**WORK INSTRUCTION**
Could you please transcribe the data exactly, without the pictures?

--- RECORDS PROVIDED Enclosed Below ---

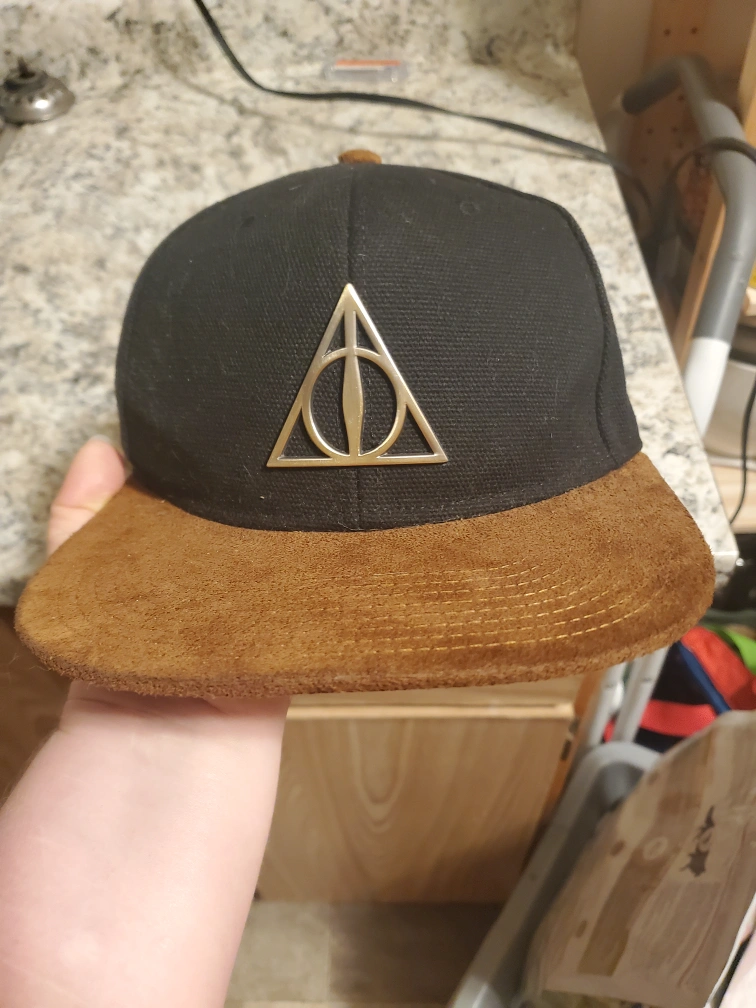 Buy & SellHarry Potter Deathly Hallows HatHarry Potter Deathly Hallows Hat$15Black hat with brown suede brim, features a silver Deathly Hallows symbol. Like new.ConditionLike newWHERE TO MEETFraiser Prospect ApartmentView MapSELLERJessicaBrow Of The Hill756 reviews0 chats·1 favorites·12 viewsSEND CHAT TO SELLERHi Jessica! I’m interested in your listing.Hi Jessica! I’m interested in your listing.Get the Karrot app to chatSign In to chat
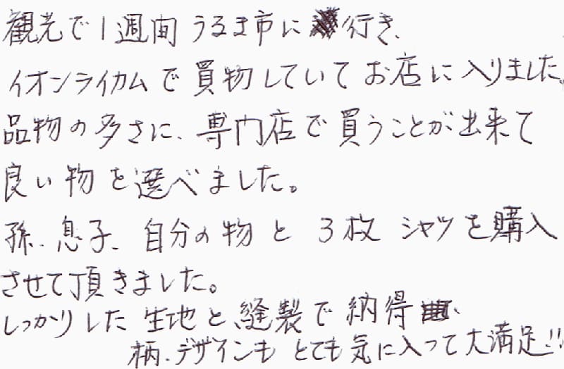 観光で1週間うるま市に行き、イオンライカムで買物していてお店に入りました。品物の多さに、専門店で買うことが出来て良い物を選べました。孫、息子、自分の物と3枚シャツを購入させて頂きました。しっかりした生地と縫製で納得、柄、デザインもとても気に入って大満足!!
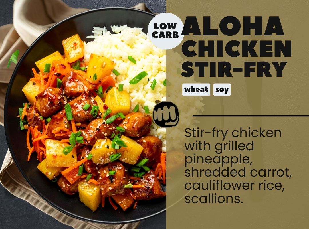 Stir-fry chicken with grilled pineapple, shredded carrot, cauliflower rice, scallions.
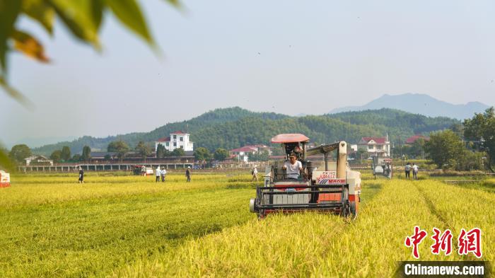 圖為三明水稻種子在收割中。陳震 攝
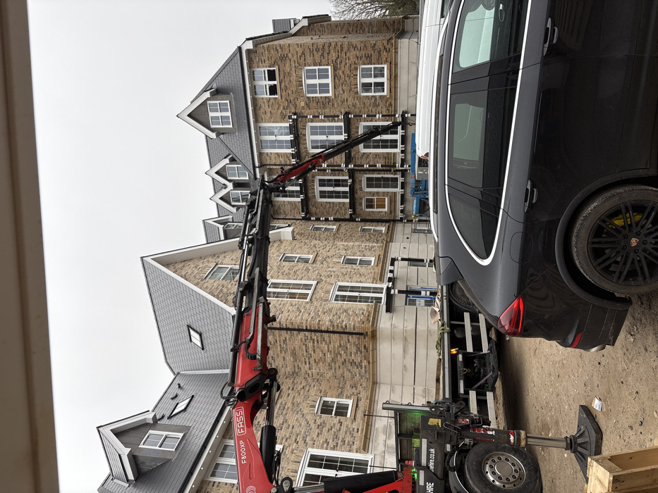 A red Fassi F800XP crane truck is parked next to a black Porsche Cayenne on a dirt surface. The crane extends towards a brick building with white-framed windows, under a cloudy sky. The building features multiple pitched roofs and dormers. Stabilizer legs are deployed from the truck. The scene appears to be a construction or delivery site.
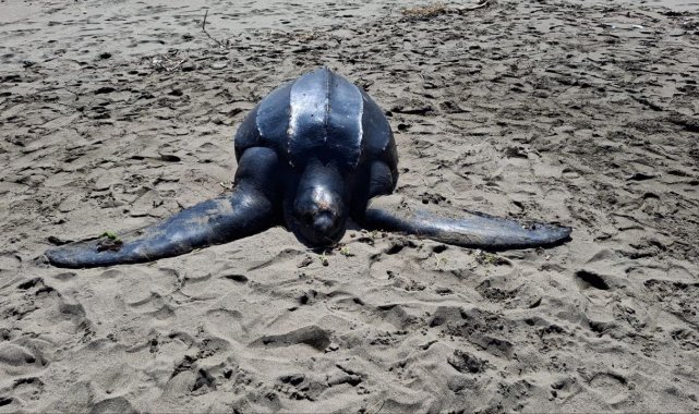 Sakarya'nın Karasu ilçesinin sahiline ölü olarak vuran ve soyu tükenmeyle karşı karşıya kalan deri sırtlı deniz kaplumbağasının boyutu görenleri hayret düşürdü.
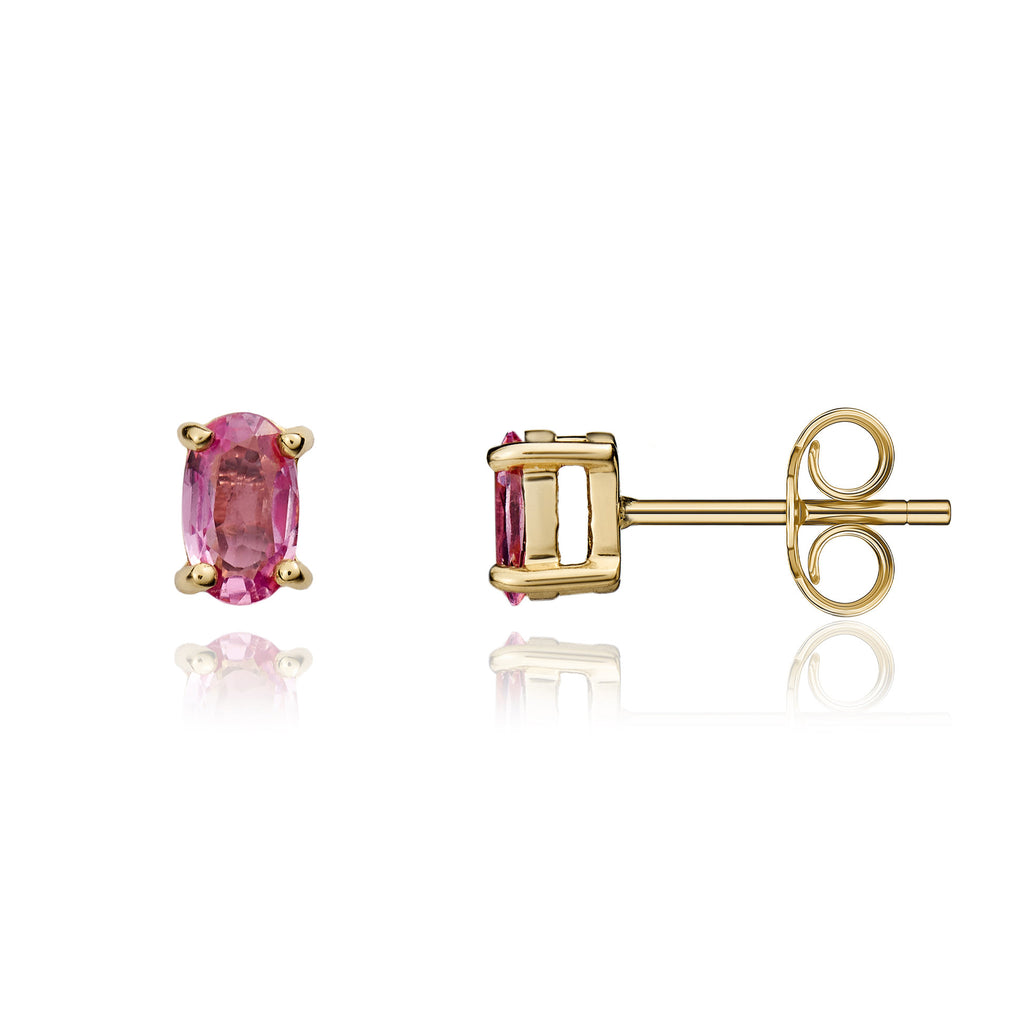 9CT Yellow Gold Oval Pink Sapphire Rubover Stud Earrings 4x3mm
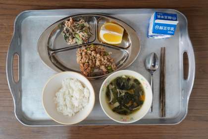 今日の給食は、そぼろ丼、牛乳、ごまネーズ和え、塩ワンタンスープ、河内晩柑です。
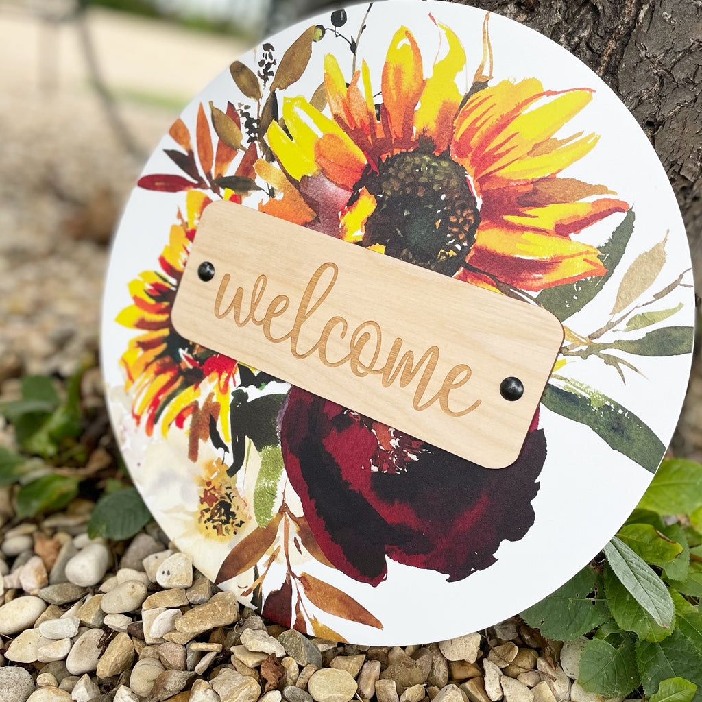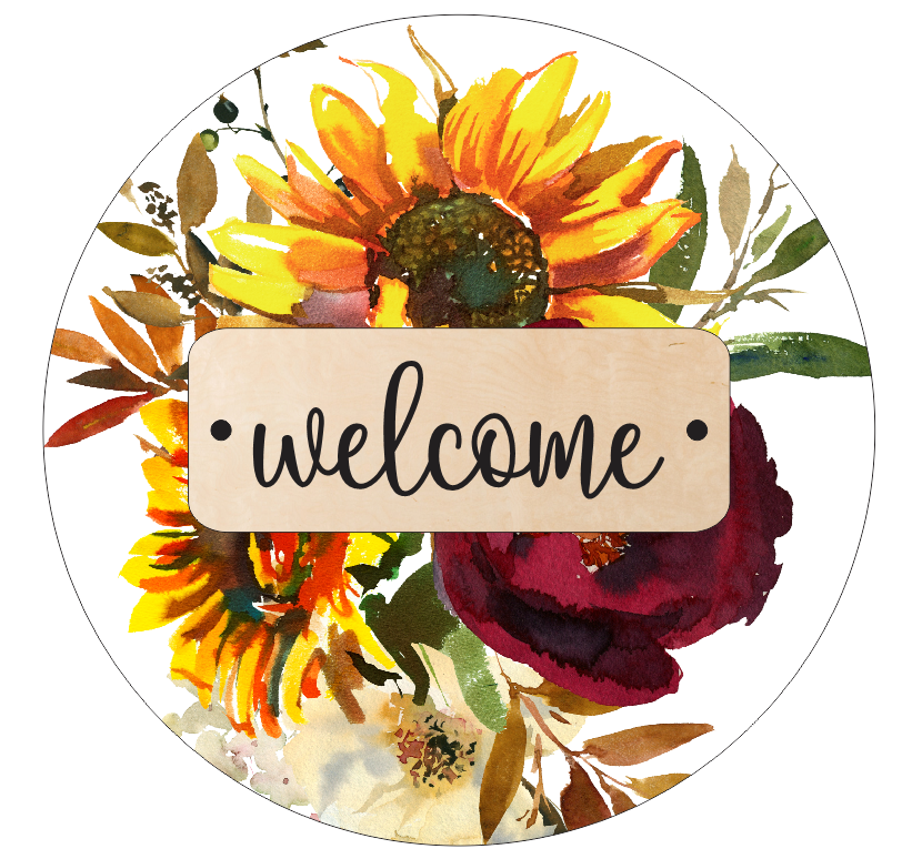 Welcome Round with Fall Florals and Sunflowers - with Wooden Plaque

--- End of Enclosed RECORDS PROVIDED ---

**ANSWER FOR THIS EXERCISE**
 Buy & SellHarry Potter Deathly Hallows HatHarry Potter Deathly Hallows Hat$15Black hat with brown suede brim, features a silver Deathly Hallows symbol. Like new.ConditionLike newWHERE TO MEETFraiser Prospect ApartmentView MapSELLERJessicaBrow Of The Hill756 reviews0 chats·1 favorites·12 viewsSEND CHAT TO SELLERHi Jessica! I’m interested in your listing.Hi Jessica! I’m interested in your listing.Get the Karrot app to chatSign In to chat
 観光で1週間うるま市に行き、イオンライカムで買物していてお店に入りました。品物の多さに、専門店で買うことが出来て良い物を選べました。孫、息子、自分の物と3枚シャツを購入させて頂きました。しっかりした生地と縫製で納得、柄、デザインもとても気に入って大満足!!
 Stir-fry chicken with grilled pineapple, shredded carrot, cauliflower rice, scallions.
 圖為三明水稻種子在收割中。陳震 攝
 A red Fassi F800XP crane truck is parked next to a black Porsche Cayenne on a dirt surface. The crane extends towards a brick building with white-framed windows, under a cloudy sky. The building features multiple pitched roofs and dormers. Stabilizer legs are deployed from the truck. The scene appears to be a construction or delivery site.
 Sakarya'nın Karasu ilçesinin sahiline ölü olarak vuran ve soyu tükenmeyle karşı karşıya kalan deri sırtlı deniz kaplumbağasının boyutu görenleri hayret düşürdü.
 9CT Yellow Gold Oval Pink Sapphire Rubover Stud Earrings 4x3mm
 今日の給食は、そぼろ丼、牛乳、ごまネーズ和え、塩ワンタンスープ、河内晩柑です。
 Welcome Round with Fall Florals and Sunflowers - with Wooden Plaque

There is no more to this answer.